Fearing after the defeat of Salamis that the Greeks would destroy the pontoon crossing he built across the Hellespont and deprive him of the opportunity to return to Persia, Xerxes hurried to start a retreat along the now familiar path along the western and northern shores of the Aegean Sea . In Greece, he left Mardonius with a large army, who retreated to the north for the winter - to Thessaly, allied with the Persians.

In the next campaign, 479 B.C. e. in fact, the fate of the Hellenic policies of the south of the Balkans was decided. In the spring, the offensive of the Persians resumed, acting together with the Thessalians and Thebans. Mardonius invaded Attica, and its population was again forced to seek refuge in Salamis. But the recapture of Athens was the last success of Mardonius.

In order to force the Peloponnesians to go on the offensive instead of passively defending Isthmus, the Athenians, Plataians and Megarians, in fact left to their own fate, threatened their allies with a separate peace with the Persians. The threat worked:Sparta and other policies of the Peloponnesian Union finally sent a fairly large army led by Pausanias, the nephew of the hero Thermopylae, King Leonidas, behind Isthmus.
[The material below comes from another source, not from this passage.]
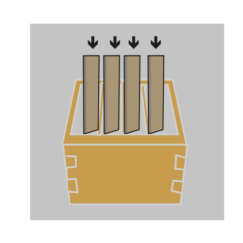 Insertar las tiras verticalmente en los marcos de la colmena.

Mardonius then retreated to Boeotia. There, near the city of Plataea, a fierce slaughter took place, in which the commander-in-chief of the Persians died and his army was killed almost entirely (its remnants hurried to the Hellespont).

About the same time, September 479 BC. e., there was a battle at Cape Mycale (on the coast of Asia Minor, opposite the island of Samos), during which the landing force, landed from Hellenic ships, destroyed the main base of the Achaemenid fleet. From this moment, a radical turning point occurs in the course of the Greco-Persian wars:the threat to the independence of the Hellenic cities of the south of the Balkans disappears, and the question of the liberation of the Hellenic cities of Asia Minor is on the agenda.

Sparta is now out of the fight. Athens assumes the main role in the anti-Persian coalition. In 478 BC. e. a defensive-offensive alliance is created, the center of which is proclaimed Delos - an island in the heart of the Aegean, revered as the sacred possession of the god Apollo. Within the framework of the new political unification, the role of hegemon is assigned to Athens.

With the formation of the Delian (First Athenian) alliance, hostilities against the troops of the Achaemenid state either fade, then become active again. The most significant milestones in the final stages of the Greco-Persian wars are the naval victories of the Athenians at the mouth of the Eurymedon River (in the southwest of Asia Minor) in 469 BC. e. and near the city of Salamis (in Cyprus) in 449 BC. e. Their final result was the recognition by the Achaemenids of the complete independence of all the Hellenic policies of the Aegean. It was recorded in 449 BC. e. The Kallia world, which got its name from the name of the noble Athenian ambassador who concluded it with the king of Persia.

According to the historical encyclopedia.